High school teachers at London Central Secondary School walk the picket line during their one-day strike, December 4, 2019. (Photo by Miranda Chant, Blackburn News)High school teachers at London Central Secondary School walk the picket line during their one-day strike, December 4, 2019. (Photo by Miranda Chant, Blackburn News)
London

All Ontario teachers to strike on February 21

For the first time since 1997, all four major Ontario education unions will go on strike on the same day.

The Ontario Secondary School Teachers Federation (OSSTF), the Elementary Teachers Federation of Ontario (ETFO), the Ontario English Catholic Teachers Association (OECTA), and the Association des enseignantes et des enseignants franco-ontariens (AEFO) announced Wednesday that they will all hit the picket lines for one day on Friday, February 21.

According to the unions, it's the first time they have all conducted this kind of job action on the same day since they protested the cuts to education by the government of then-Premier Mike Harris.

“Educators in every school board will not stay silent as the Ford government proceeds to decimate our publicly funded education system,” ETFO President Sam Hammond said in a statement released Wednesday. “Our unions and members helped build Ontario’s world-class education system.
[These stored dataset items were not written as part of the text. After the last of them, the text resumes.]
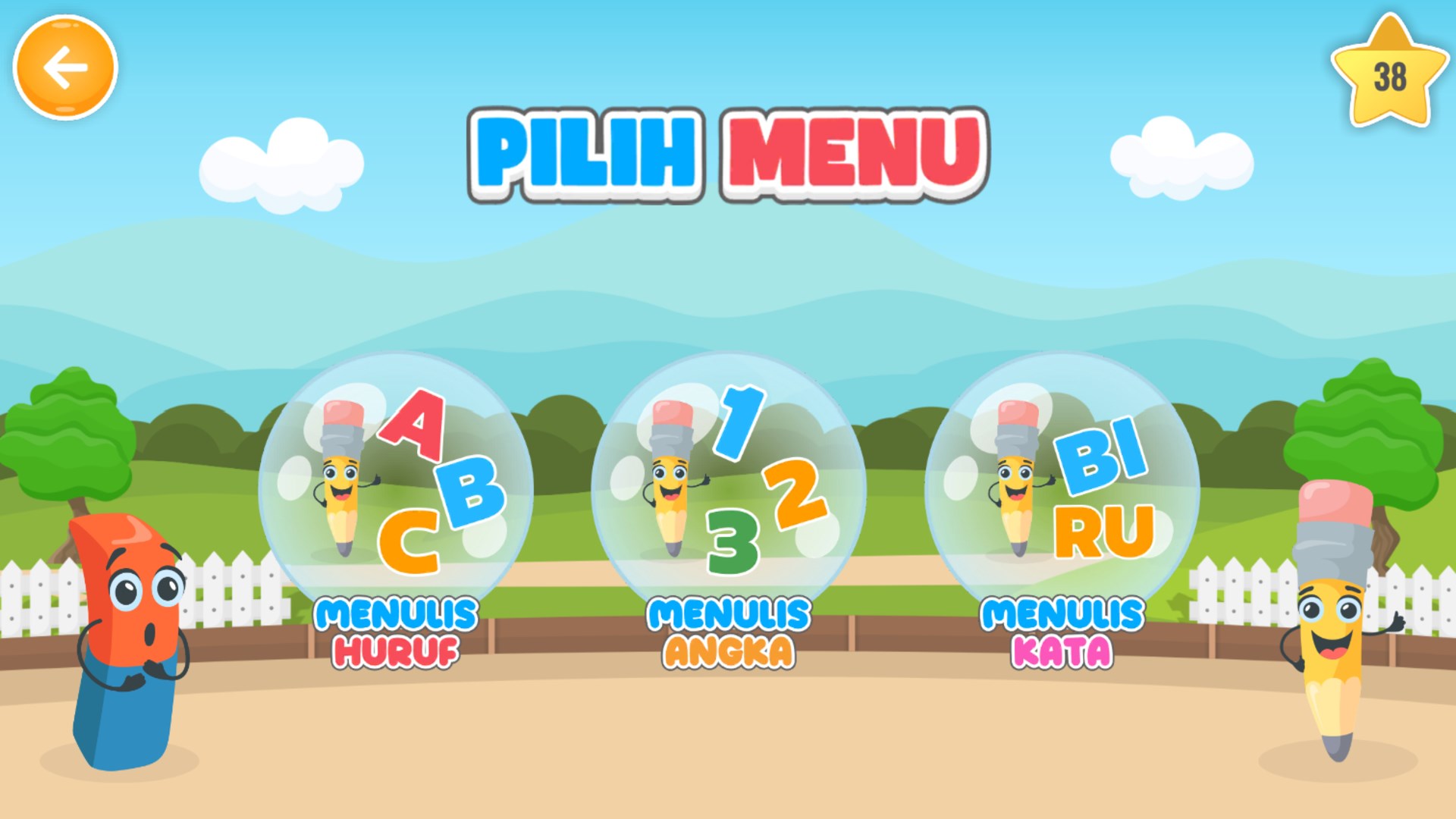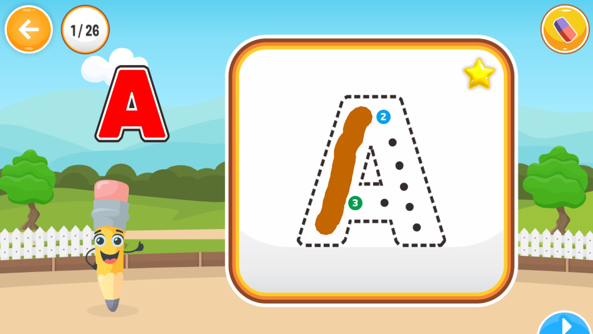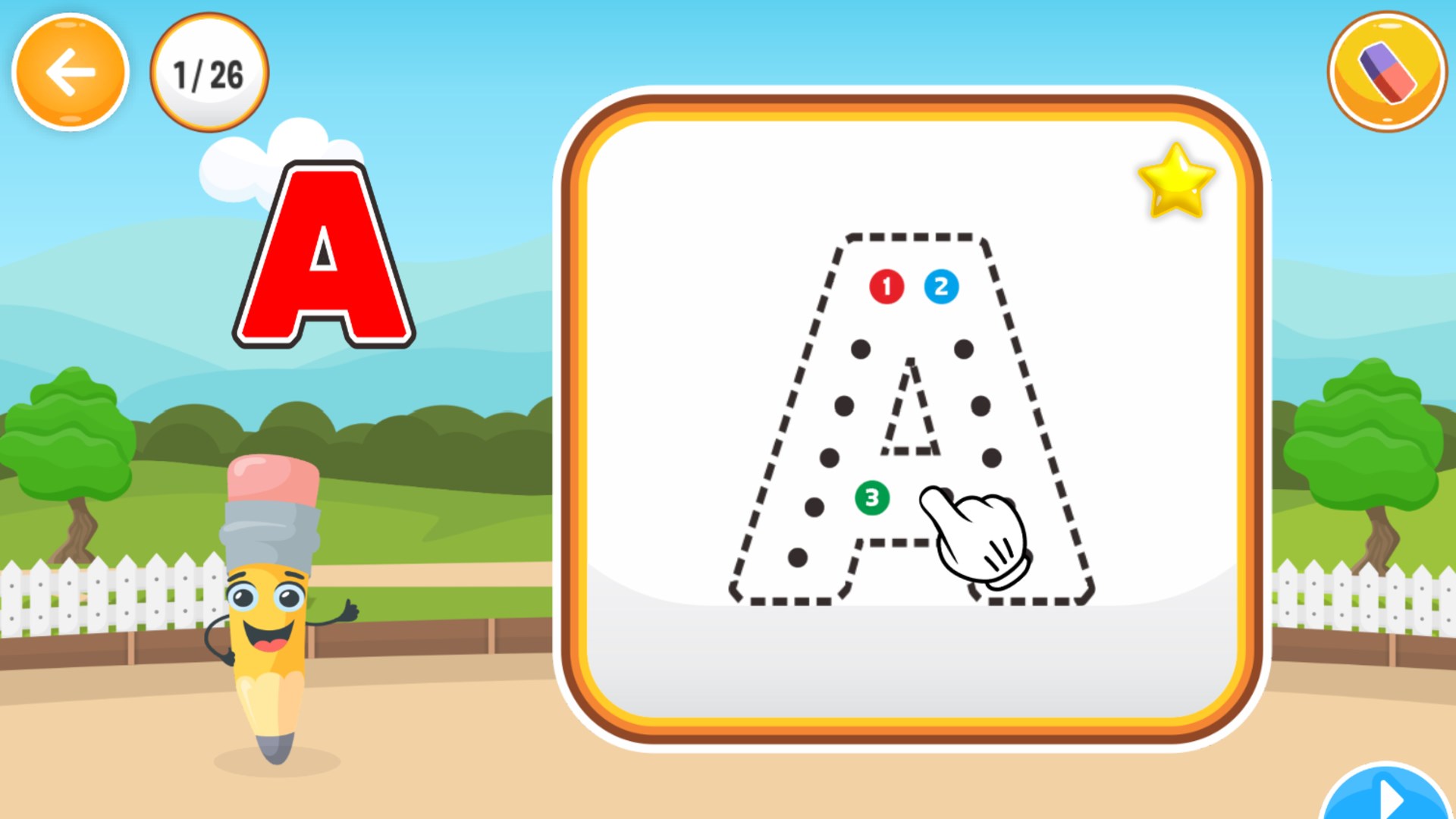 Pada pemainan ini anak-anak akan belajar menulis huruf alfabet, angka, dan kata. Konsep pembelajaran pada aplikasi ini dirancang secara interaktif disertai permainan menarik dan suara yang menarik sehingga anak-anak tidak bosan saat bermain.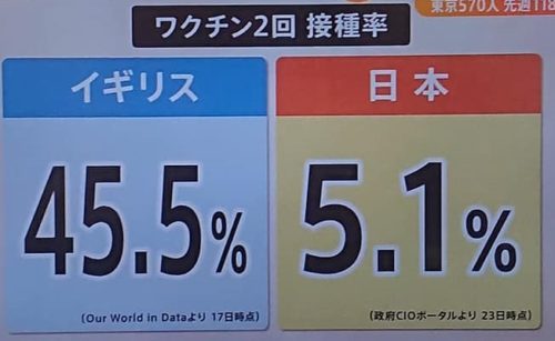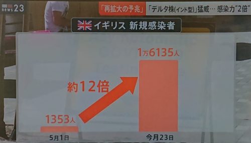 ワクチンの接種率 イギリスは日本の9倍で、感染者数は、5月1日時点に比べ12倍に増加。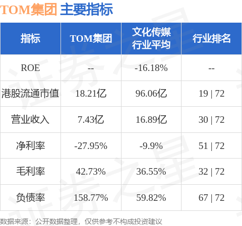 TOM集团港股市值18.21亿港元,在文化传媒行业中排名第19。主要指标见下表: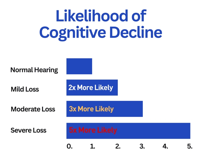 A decade-long study conducted by Dr. Frank Lin showed a five-fold increase in dementia for individuals with mild, medium, or severe hearing loss.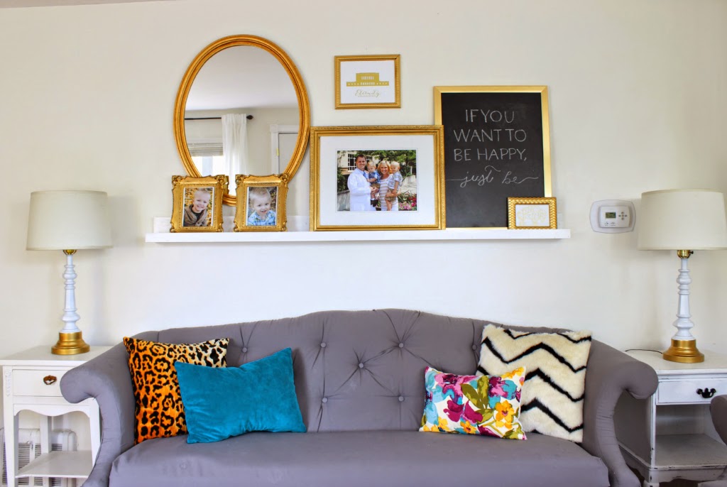Detalles como la composición de cuadros en dorado, la mezcla que forman las dos alfombras, y el toque vintage gracias a la mesa de trabajo y el mueble de la televisión.

By not seriously addressing the issues critical to students and student learning, the Ford government has made a sham of contract talks over the last seven months.”

The February 21 strike will keep an estimated two million students out of class for the day. Hammond had previously said he hopes that continued job actions by teachers unions will spur Education Minister Stephen Lecce and the Ford government to return to the bargaining table.
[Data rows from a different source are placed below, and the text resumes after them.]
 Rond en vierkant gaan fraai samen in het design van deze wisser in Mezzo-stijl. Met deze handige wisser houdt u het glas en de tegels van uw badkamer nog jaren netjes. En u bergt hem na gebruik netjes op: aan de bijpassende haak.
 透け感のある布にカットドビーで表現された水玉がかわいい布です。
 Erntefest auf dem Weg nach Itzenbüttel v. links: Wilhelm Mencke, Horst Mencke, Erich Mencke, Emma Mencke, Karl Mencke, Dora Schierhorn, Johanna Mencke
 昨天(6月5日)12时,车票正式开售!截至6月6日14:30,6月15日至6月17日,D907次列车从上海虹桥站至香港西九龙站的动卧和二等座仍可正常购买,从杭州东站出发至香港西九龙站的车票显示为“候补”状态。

The government and the unions are still far apart and have their own positions about what the barriers to an agreement are. For his part, Education Minister Stephen Lecce insists the unions are holding out for a wage increase above the 1 per cent annual cap for public sector workers. But the teachers say it's not about salaries, it's about class sizes, investments in special education, mandatory e-learning, and addressing violence in the classroom.

“It is now evident that the Ford government’s agenda is entirely ideological and not at all concerned with providing quality education,” said OSSTF President Harvey Bischof. “They are pulling resources out of the public education system and, with schemes like mandatory e-learning, laying the groundwork for private interests to profit from our students’ education. We are heartened that so many parents are standing with us against the dismantling of Ontario’s public education system.”